# Task requirements
Go through the data and copy every line exactly, but not the images.

Content starts

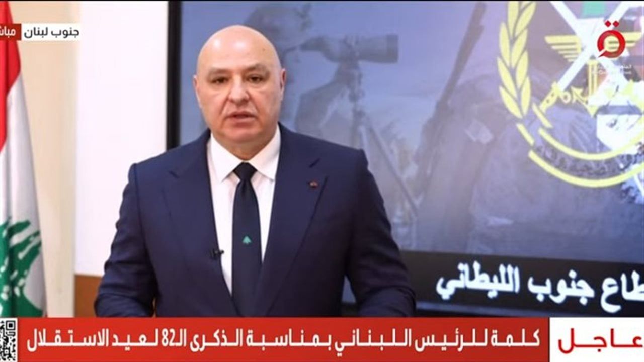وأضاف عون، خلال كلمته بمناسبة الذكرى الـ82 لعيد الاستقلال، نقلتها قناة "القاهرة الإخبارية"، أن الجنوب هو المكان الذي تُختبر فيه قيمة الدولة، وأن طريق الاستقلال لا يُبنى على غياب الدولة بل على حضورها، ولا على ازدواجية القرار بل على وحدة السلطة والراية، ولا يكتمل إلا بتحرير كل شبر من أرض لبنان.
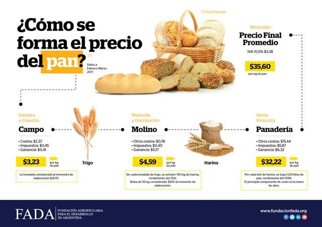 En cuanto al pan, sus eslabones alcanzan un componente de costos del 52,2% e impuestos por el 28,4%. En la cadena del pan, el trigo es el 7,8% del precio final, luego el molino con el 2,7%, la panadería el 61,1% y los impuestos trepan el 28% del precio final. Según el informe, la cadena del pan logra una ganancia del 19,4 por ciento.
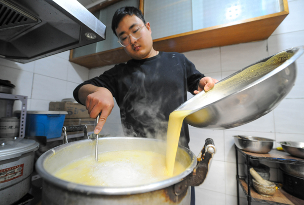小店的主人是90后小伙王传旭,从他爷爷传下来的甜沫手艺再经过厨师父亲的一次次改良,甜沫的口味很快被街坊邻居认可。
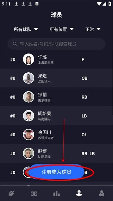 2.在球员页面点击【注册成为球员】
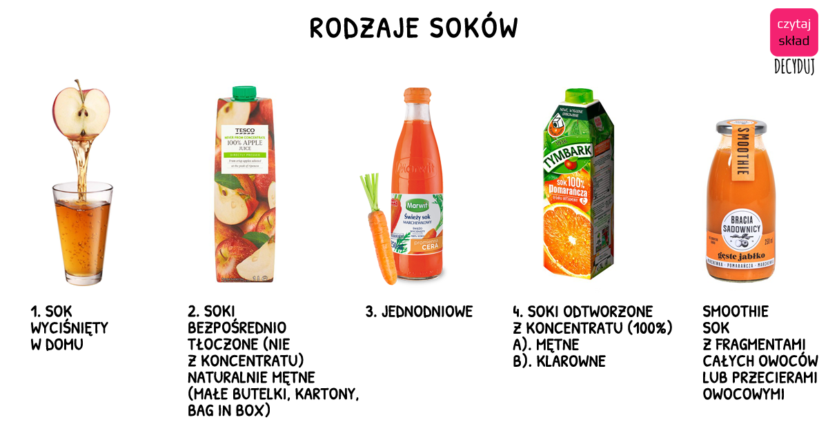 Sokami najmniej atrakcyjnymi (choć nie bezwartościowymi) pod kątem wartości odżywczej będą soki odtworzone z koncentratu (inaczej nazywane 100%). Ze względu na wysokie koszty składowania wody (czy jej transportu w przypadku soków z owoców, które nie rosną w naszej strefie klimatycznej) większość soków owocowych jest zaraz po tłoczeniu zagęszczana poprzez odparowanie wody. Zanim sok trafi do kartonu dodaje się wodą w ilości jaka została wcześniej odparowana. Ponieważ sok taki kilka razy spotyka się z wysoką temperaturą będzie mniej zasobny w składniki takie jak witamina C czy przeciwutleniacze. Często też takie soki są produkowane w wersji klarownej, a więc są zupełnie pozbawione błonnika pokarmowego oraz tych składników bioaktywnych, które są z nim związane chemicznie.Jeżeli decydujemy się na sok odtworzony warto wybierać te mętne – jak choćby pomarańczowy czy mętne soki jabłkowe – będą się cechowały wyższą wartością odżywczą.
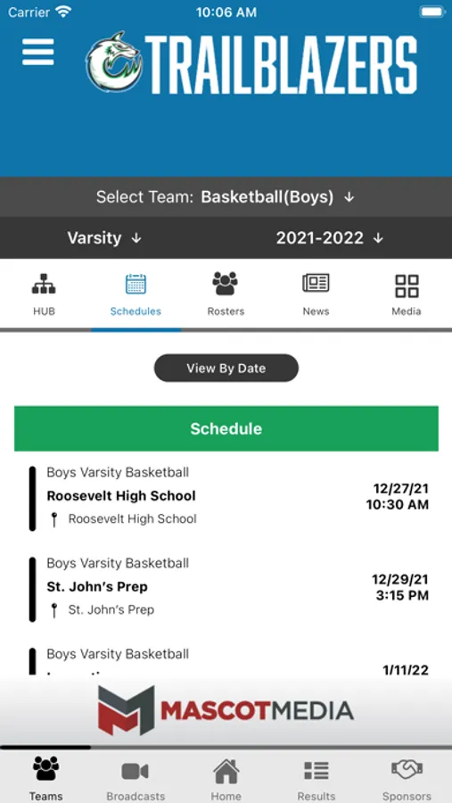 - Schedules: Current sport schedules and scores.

Content ends

# Your solution
وأضاف عون، خلال كلمته بمناسبة الذكرى الـ82 لعيد الاستقلال، نقلتها قناة "القاهرة الإخبارية"، أن الجنوب هو المكان الذي تُختبر فيه قيمة الدولة، وأن طريق الاستقلال لا يُبنى على غياب الدولة بل على حضورها، ولا على ازدواجية القرار بل على وحدة السلطة والراية، ولا يكتمل إلا بتحرير كل شبر من أرض لبنان.
 En cuanto al pan, sus eslabones alcanzan un componente de costos del 52,2% e impuestos por el 28,4%. En la cadena del pan, el trigo es el 7,8% del precio final, luego el molino con el 2,7%, la panadería el 61,1% y los impuestos trepan el 28% del precio final. Según el informe, la cadena del pan logra una ganancia del 19,4 por ciento.
小店的主人是90后小伙王传旭,从他爷爷传下来的甜沫手艺再经过厨师父亲的一次次改良,甜沫的口味很快被街坊邻居认可。
 2.在球员页面点击【注册成为球员】
 Sokami najmniej atrakcyjnymi (choć nie bezwartościowymi) pod kątem wartości odżywczej będą soki odtworzone z koncentratu (inaczej nazywane 100%). Ze względu na wysokie koszty składowania wody (czy jej transportu w przypadku soków z owoców, które nie rosną w naszej strefie klimatycznej) większość soków owocowych jest zaraz po tłoczeniu zagęszczana poprzez odparowanie wody. Zanim sok trafi do kartonu dodaje się wodą w ilości jaka została wcześniej odparowana. Ponieważ sok taki kilka razy spotyka się z wysoką temperaturą będzie mniej zasobny w składniki takie jak witamina C czy przeciwutleniacze. Często też takie soki są produkowane w wersji klarownej, a więc są zupełnie pozbawione błonnika pokarmowego oraz tych składników bioaktywnych, które są z nim związane chemicznie.Jeżeli decydujemy się na sok odtworzony warto wybierać te mętne – jak choćby pomarańczowy czy mętne soki jabłkowe – będą się cechowały wyższą wartością odżywczą.
 - Schedules: Current sport schedules and scores.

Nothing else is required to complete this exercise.